§ **WORK TO BE COMPLETED**
Write out the stretch of lines below that begins at the line with "CAULDON tea cup" and ends at the line with "2.单击 更改操作系统,进入更改页面,选中要更改的新操作系统,单击 下一步 。", including both, exactly as given and nothing more.

━━ DATASET CONTENT

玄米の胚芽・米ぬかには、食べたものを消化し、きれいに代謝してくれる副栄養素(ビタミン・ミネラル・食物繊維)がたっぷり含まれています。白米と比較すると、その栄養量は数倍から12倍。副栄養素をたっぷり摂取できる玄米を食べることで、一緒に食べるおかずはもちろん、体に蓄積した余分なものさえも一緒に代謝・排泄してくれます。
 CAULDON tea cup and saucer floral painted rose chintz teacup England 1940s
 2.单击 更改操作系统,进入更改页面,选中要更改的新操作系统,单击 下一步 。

━━━━
━━ DATASET CONTENT

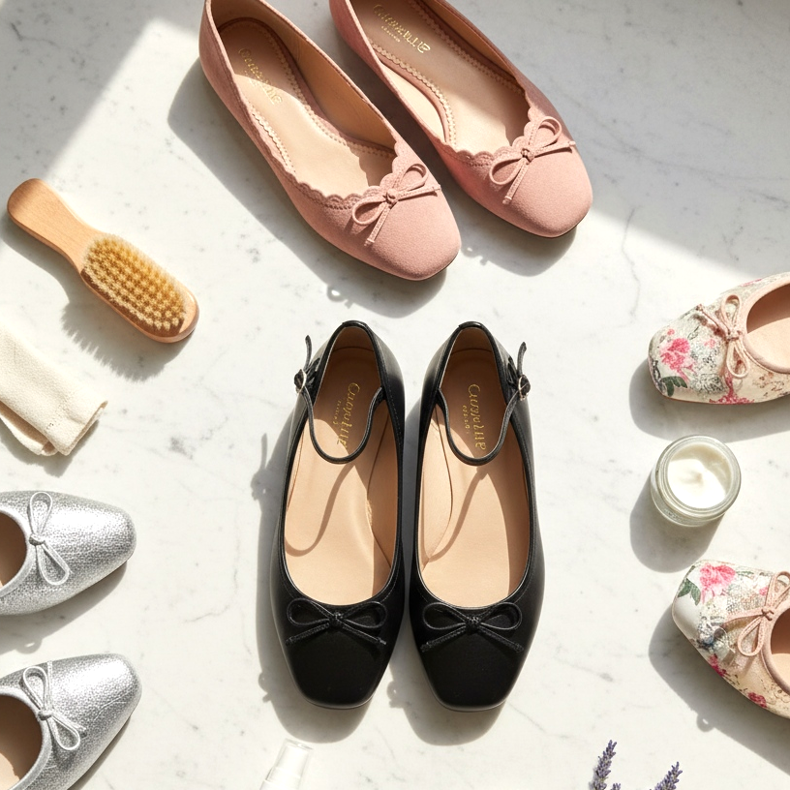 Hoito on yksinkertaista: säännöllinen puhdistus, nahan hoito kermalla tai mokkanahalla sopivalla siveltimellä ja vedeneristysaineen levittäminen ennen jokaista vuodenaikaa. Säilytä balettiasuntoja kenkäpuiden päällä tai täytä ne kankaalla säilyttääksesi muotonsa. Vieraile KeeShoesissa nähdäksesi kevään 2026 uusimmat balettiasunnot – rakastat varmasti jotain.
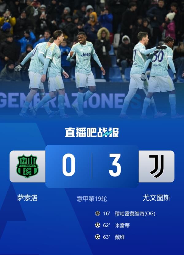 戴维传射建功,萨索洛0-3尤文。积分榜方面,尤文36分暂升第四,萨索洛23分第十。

━━━━

§ **RESULT OF THIS EXERCISE**
 CAULDON tea cup and saucer floral painted rose chintz teacup England 1940s
 2.单击 更改操作系统,进入更改页面,选中要更改的新操作系统,单击 下一步 。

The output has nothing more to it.